By Bart Steverink

Estimated Reading Time: 5-7 min

You’ve probably noticed—there’s a lot of hype around AI. Attend any tech event, and you’ll experience it firsthand. The healthcare sector has also joined in the AI buzz. At CES, the world’s largest tech event held annually in Las Vegas, nearly 80% of the booths in the health section advertise that their service or product involves AI in some way.

Looking at current trends, healthcare is at the forefront of data growth, with an ever-increasing amount of data being generated by new applications, such as wearables and increasingly sophisticated hospital equipment. Year after year, the volume of data expands, yet only a small fraction is effectively utilized. However, buried within these data are valuable insights that can help guide daily healthcare operations and improve future healthcare services. This is where AI, and more specifically Machine Learning (ML), can play a significant role.

What is Machine Learning?

Machine Learning is a subset of AI and uses (semi-)structured data and machine learning algorithms to create models. These models enable us to make predictions about new situations based on patterns observed in known situations (inference).

For example, an ML model can predict the likelihood of a patient staying in the hospital longer than planned or the probability of an infection after surgery. There are numerous ML algorithms, each with its own strengths and weaknesses. The best algorithm is chosen based on the specific application and the performance of the trained model on test data.

Applications in Healthcare

ML applications in healthcare are mainly in the areas of imaging (for example, recognizing abnormalities on an MRI scan or ultrasound), predicting complications, and advising on medication and treatment. These applications are considered Clinical Decision Support (CDS), assisting healthcare professionals in their decision-making process. It is important to emphasize that the healthcare professional makes the final decision, not the model. The model provides additional information to give the healthcare professional a more complete picture of the situation.

In addition to clinical applications, there are also AI/ML applications in the process and logistics side of healthcare, such as predicting readmissions or length of stay and reducing administrative burdens, for example, using LLMs for converting speech to text.

Developing ML Applications

The development process of an ML application naturally begins with identifying a relevant (clinical) problem or area for improvement. Through a literature review, it is determined whether there is already a theoretical basis for the predictive factors (features) that the model should use. The availability and quality of data are also assessed.

Is the data, for example, already well-structured with a fixed table and column structure? Are all fields always present, or are data points often missing? Besides structure and availability, it is essential to understand the origins of the data. Is blood pressure measured manually or with a device, and is this always the case or only sometimes?

Data processing and cleaning represent the bulk of the work in this phase of the development process.

Testing Models

Based on insights from the literature and the available data, the ML algorithm and the model’s features are selected. The total available dataset is divided into a training set, a validation set, and a test set. The model’s performance on the test set is used to choose the best-performing model. At this stage, we now have a trained model that can be used to make predictions. However, this is not the final step. The model was developed and tested in a “laboratory” setting, but this does not guarantee that it will achieve its intended purpose in real-world practice. Moreover, what we have at this point is just a model, a file stored on a computer’s hard drive. It is not yet a usable application for clinicians.

Implementation in the Clinic

For the model to be used in practice, it first needs to be packaged into an application. This could be a computer program with a user interface or an integration with the interface of the Electronic Health Record (EHR) system. Code must be written to handle and log errors in a system so that notifications can be generated if something goes wrong.

The performance of the model and the characteristics of the data must be continuously monitored to detect issues such as model drift, concept drift, and data drift. Additionally, it is crucial to assess the model’s impact in the clinic—does it effectively contribute to solving the problem, or does it introduce unintended side effects?

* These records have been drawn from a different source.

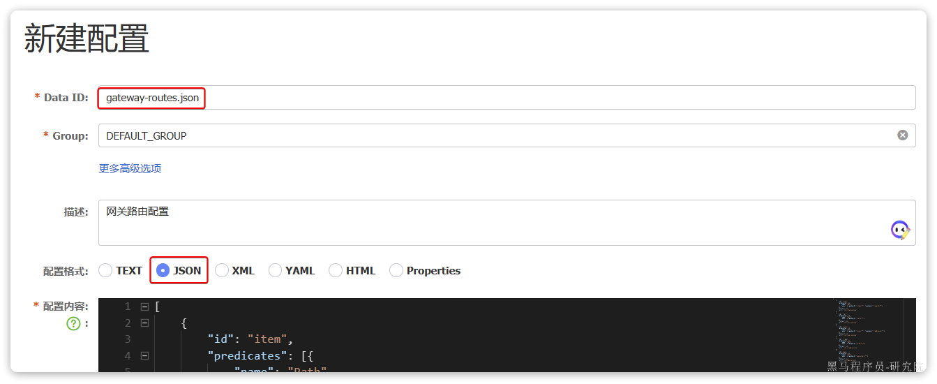 接下来,我们直接在Nacos控制台添加路由,路由文件名为gateway-routes.json,类型为json: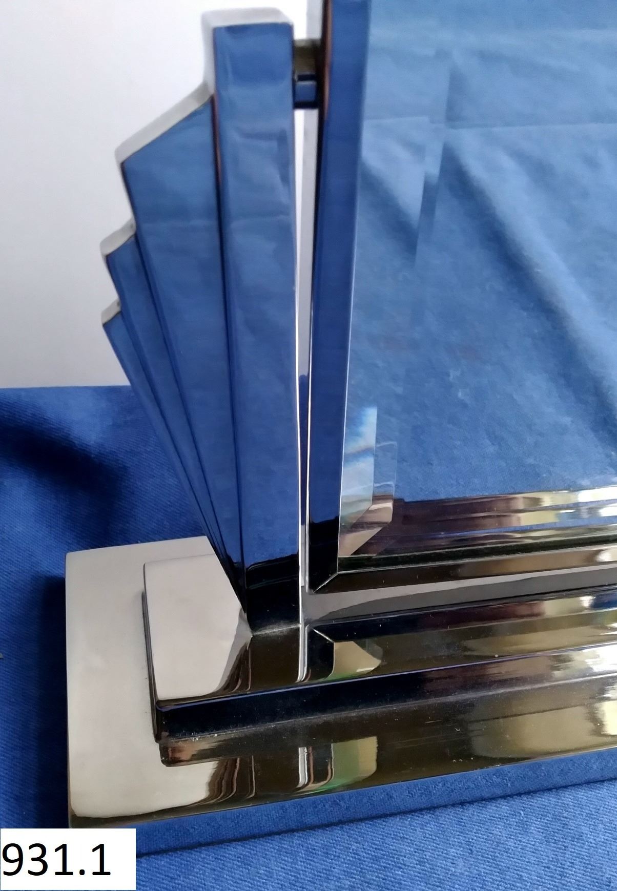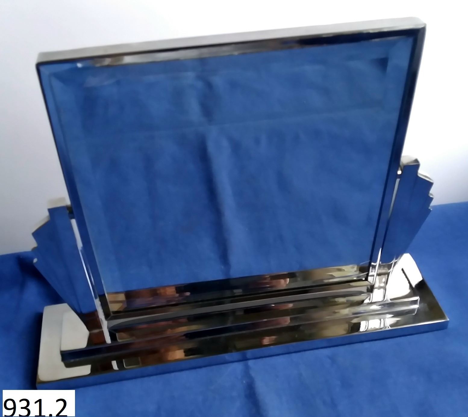 Art Deco table-top chrome mirror, classic design, excellent condition, 9 1/4 inches tall, 12 inches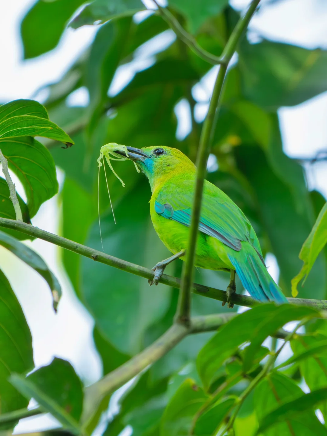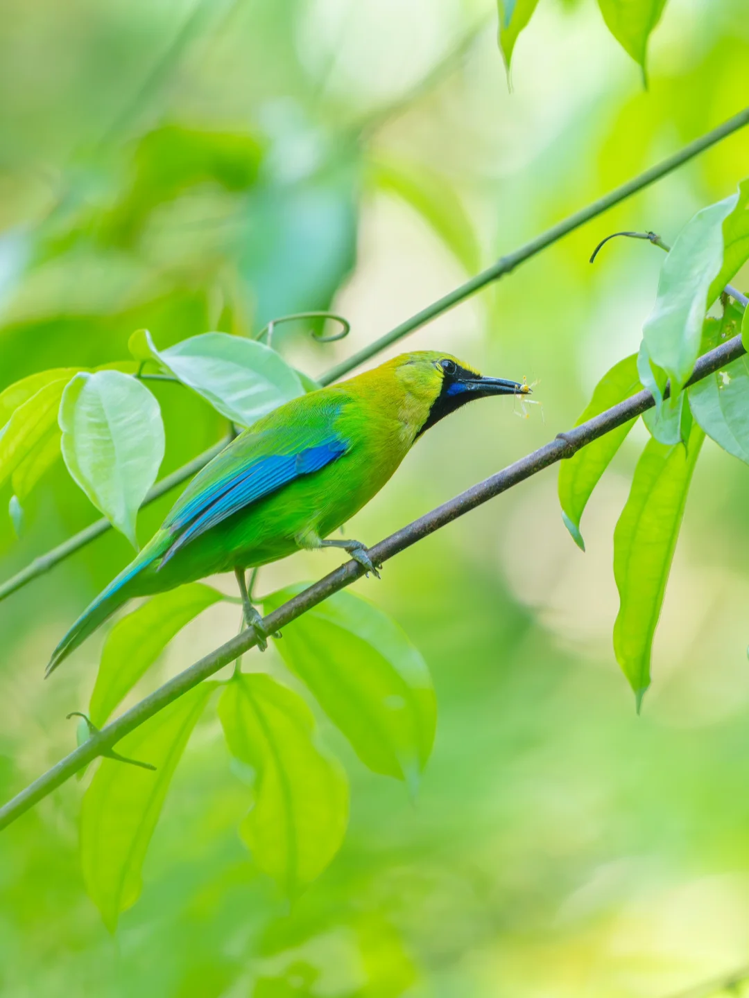 叶鹎的英文名直接叫leafbird,顾名思义,叶鹎几乎都是绿色系且喜欢在树冠层活动的鸟类。它们喜欢取食植物的花、果实、种子以及一些虫子,图中这只雄鸟抓了一个实在看不出是啥,雌鸟抓了一只螽斯。

The Future of AI and ML in Healthcare

AI and ML hold enormous potential in healthcare. The increasing volume of data, trends toward standardized data exchange, and growing pressure on healthcare professionals and the system as a whole make it worthwhile to invest time and effort in these technologies. The AI landscape is also evolving rapidly. Today, much attention is focused on generative AI and Large Language Models (LLMs), but in just a few months, the discussion may shift and we may be talking about agent-based AI models at the coffee machine.

One thing is certain: AI and Machine Learning will soon become indispensable in the healthcare system. By learning, experimenting, and understanding, we can fully harness AI’s potential to responsibly and efficiently improve healthcare.